## [Prompt]
Would you copy exactly the lines in the data below from the one that has "In Sachsen und" through the one that has "Suéter de malha", dropping any pictures?

## [Excerpted records]
◆ ◆ ◆ ◆ ◆
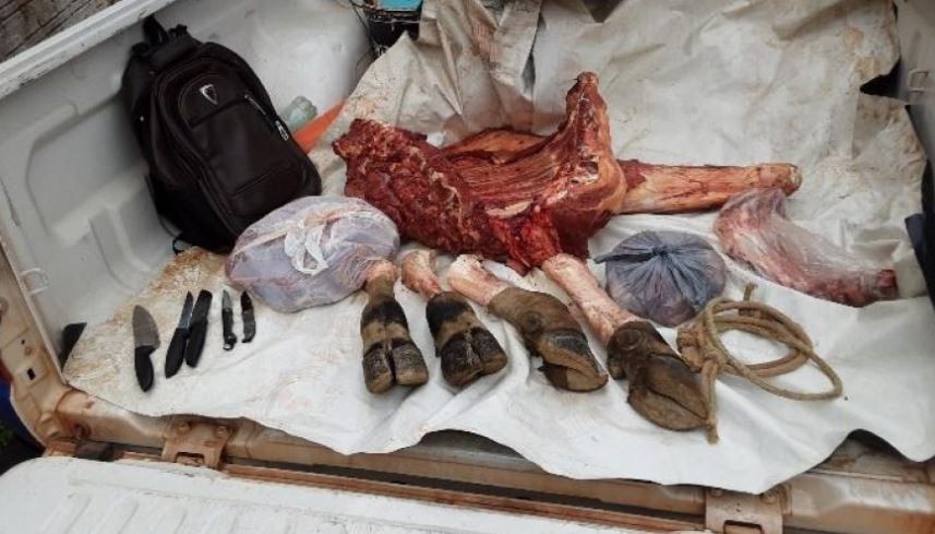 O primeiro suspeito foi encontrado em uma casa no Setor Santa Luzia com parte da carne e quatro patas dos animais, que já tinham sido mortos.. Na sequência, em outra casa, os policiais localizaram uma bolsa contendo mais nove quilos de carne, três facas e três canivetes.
◆ ◆ ◆ ◆ ◆
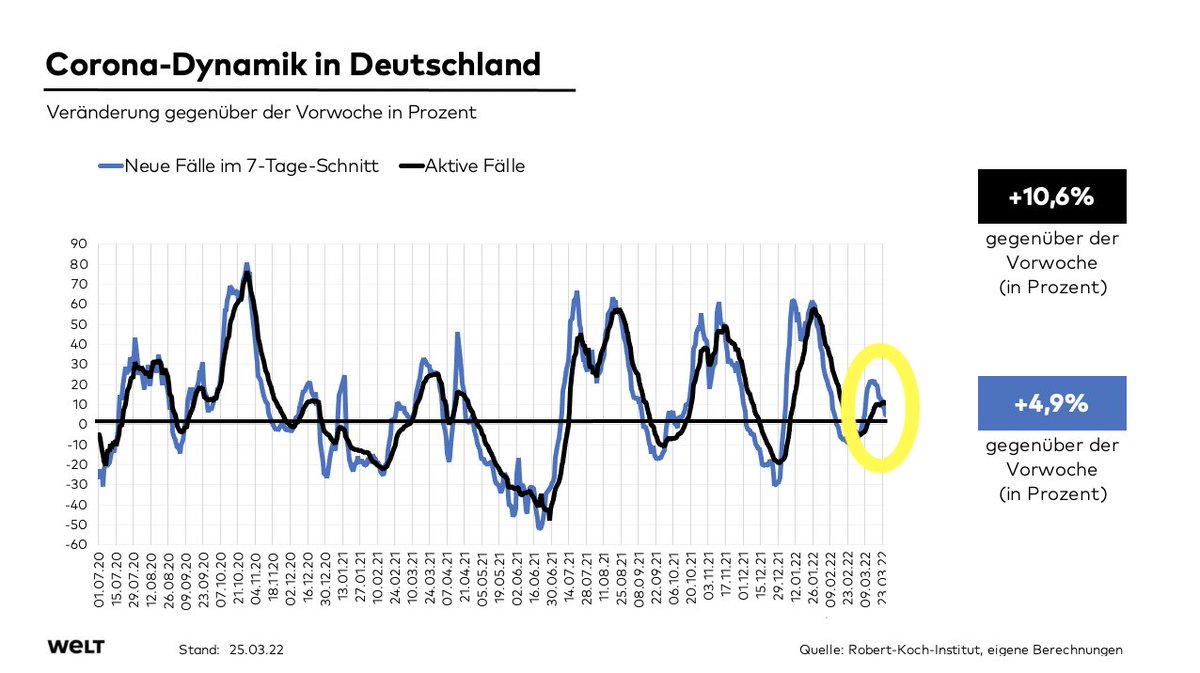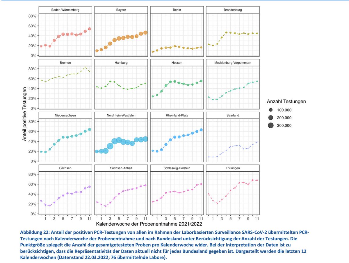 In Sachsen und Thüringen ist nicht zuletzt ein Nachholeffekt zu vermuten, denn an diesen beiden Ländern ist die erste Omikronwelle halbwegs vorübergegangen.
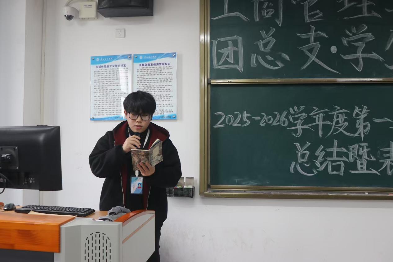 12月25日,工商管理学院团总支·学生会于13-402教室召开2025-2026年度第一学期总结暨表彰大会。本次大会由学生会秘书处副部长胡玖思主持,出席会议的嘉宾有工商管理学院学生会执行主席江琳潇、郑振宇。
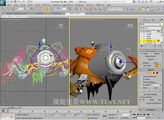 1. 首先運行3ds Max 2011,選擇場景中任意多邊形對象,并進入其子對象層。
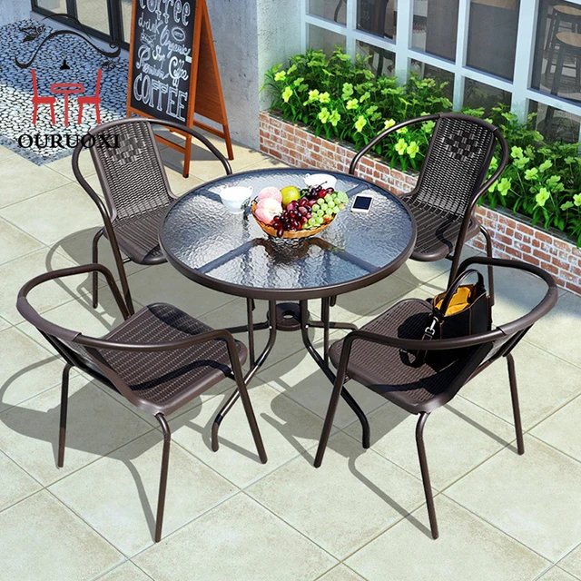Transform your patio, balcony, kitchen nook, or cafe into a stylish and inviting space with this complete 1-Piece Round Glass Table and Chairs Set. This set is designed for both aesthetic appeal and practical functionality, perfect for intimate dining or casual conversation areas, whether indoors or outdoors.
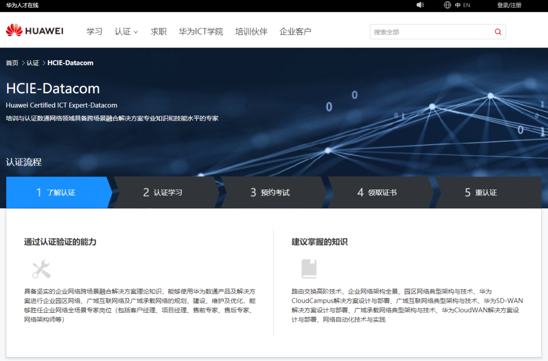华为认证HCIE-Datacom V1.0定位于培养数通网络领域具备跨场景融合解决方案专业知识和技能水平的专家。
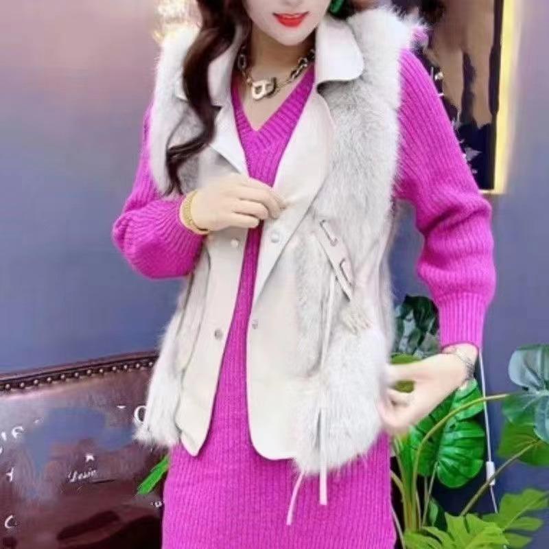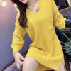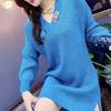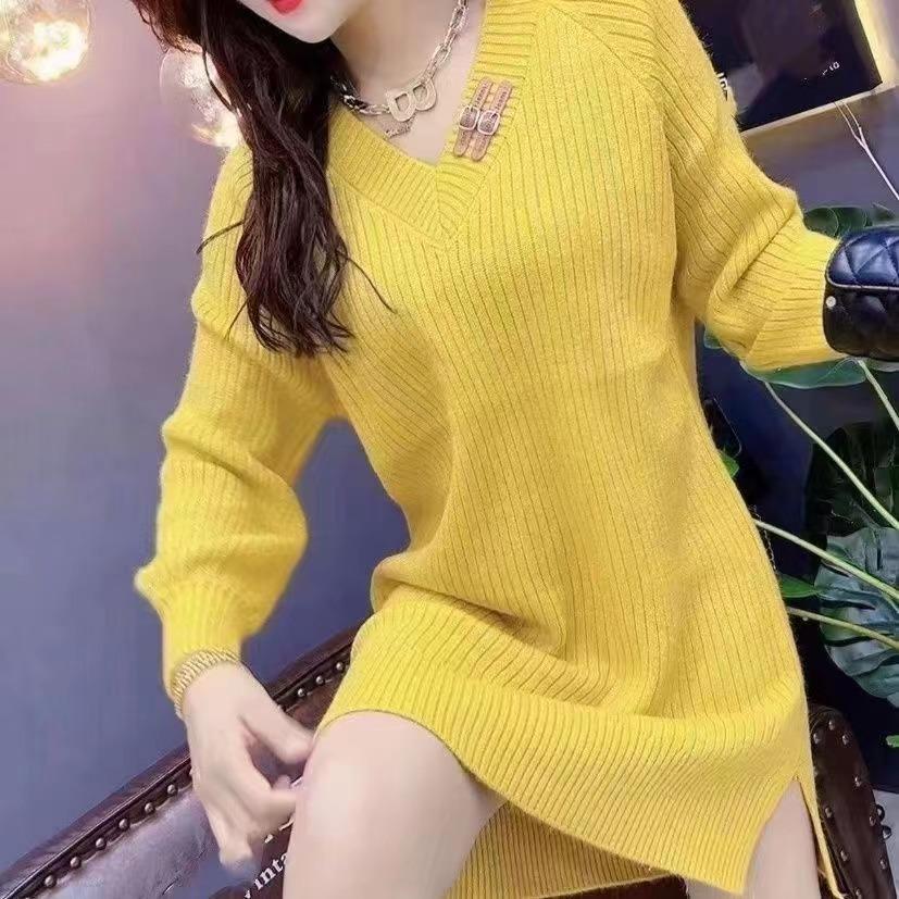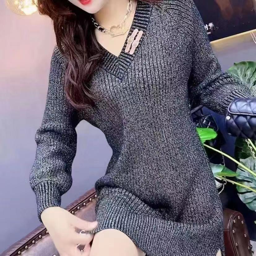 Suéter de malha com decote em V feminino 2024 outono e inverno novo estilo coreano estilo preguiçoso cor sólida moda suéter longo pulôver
◆ ◆ ◆ ◆ ◆
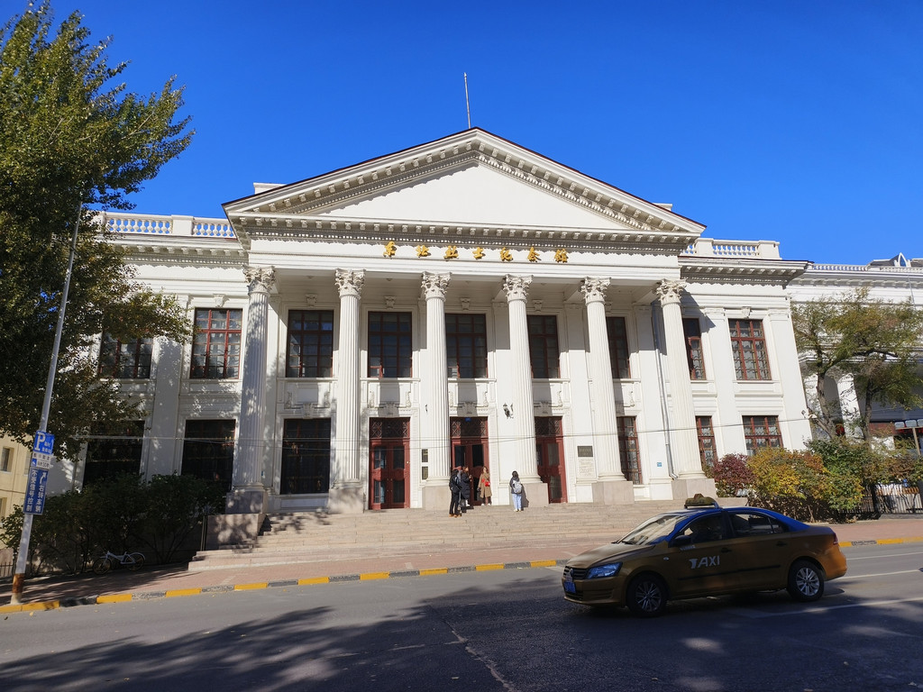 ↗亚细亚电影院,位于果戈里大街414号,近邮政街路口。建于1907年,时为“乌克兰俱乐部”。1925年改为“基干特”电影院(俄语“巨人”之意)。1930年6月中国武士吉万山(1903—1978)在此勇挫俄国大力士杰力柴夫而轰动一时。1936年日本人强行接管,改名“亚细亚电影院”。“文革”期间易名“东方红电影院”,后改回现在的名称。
◆ ◆ ◆ ◆ ◆
## [Response below]
 In Sachsen und Thüringen ist nicht zuletzt ein Nachholeffekt zu vermuten, denn an diesen beiden Ländern ist die erste Omikronwelle halbwegs vorübergegangen.
 12月25日,工商管理学院团总支·学生会于13-402教室召开2025-2026年度第一学期总结暨表彰大会。本次大会由学生会秘书处副部长胡玖思主持,出席会议的嘉宾有工商管理学院学生会执行主席江琳潇、郑振宇。
 1. 首先運行3ds Max 2011,選擇場景中任意多邊形對象,并進入其子對象層。
Transform your patio, balcony, kitchen nook, or cafe into a stylish and inviting space with this complete 1-Piece Round Glass Table and Chairs Set. This set is designed for both aesthetic appeal and practical functionality, perfect for intimate dining or casual conversation areas, whether indoors or outdoors.
华为认证HCIE-Datacom V1.0定位于培养数通网络领域具备跨场景融合解决方案专业知识和技能水平的专家。
 Suéter de malha com decote em V feminino 2024 outono e inverno novo estilo coreano estilo preguiçoso cor sólida moda suéter longo pulôver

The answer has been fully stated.